Mechanical conditions that accelerate intervertebral disc degeneration: overload versus immobilization

Abstract

Study design: A review of the literature on macromechanical factors that accelerate disc degeneration with particular focus on distinguishing the roles of immobilization and overloading.

Objective: This review examines evidence from the literature in the areas of biomechanics, epidemiology, animal models, and intervertebral disc physiology. The purpose is to examine: 1) what are the degeneration-related alterations in structural, material, and failure properties in the disc; and 2) evidence in the literature for causal relationships between mechanical loading and alterations in those structural and material properties that constitute disc degeneration.

Summary of background data: It is widely assumed that the mechanical environment of the intervertebral disc at least in part determines its rate of degeneration. However, there are two plausible and contrasting theories as to the mechanical conditions that promote degeneration: 1) mechanical overload; and 2) reduced motion and loading.

Results: There are a greater number of studies addressing the "wear and tear" theory than the immobilization theory. Evidence is accumulating to support the notion that there is a "safe window" of tissue mechanical conditions in which the discs remain healthy.

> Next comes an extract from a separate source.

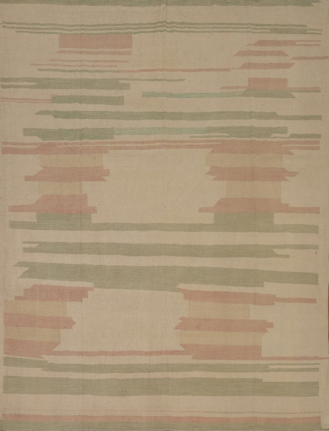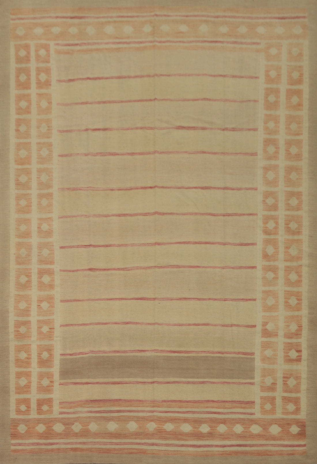Subtle Pastel Striped Kilim Flat Weave Area Rug 8x10

Conclusions: It is concluded that probably any abnormal loading conditions (including overload and immobilization) can produce tissue trauma and/or adaptive changes that may result in disc degeneration. Adverse mechanical conditions can be due to external forces, or may result from impaired neuromuscular control of the paraspinal and abdominal muscles. Future studies will need to evaluate additional unquantified interactions between biomechanics and factors such as genetics and behavioral responses to pain and disability.

Figure 1.

A diagram of some supposed biomechanical interactions that can produce disc damage and degeneration. In the early stages of disc damage, a “wear and tear” mechanism applies, and the small lesions are probably not painful. More advanced and more painful degenerative changes encourage hypomobility and underuse, which in turn may accelerate degeneration. *Mechanical damage to the disc can include fiber damage, delamination, anulus tears, and associated proteoglycan loss. **Altered cell level signals can include fluid flow, cell strain, altered nutrition, accumulation of waste products, and loss of cellularity. ***Matrix remodeling can include alterations in gene expression, enzyme activity, composition, and structure.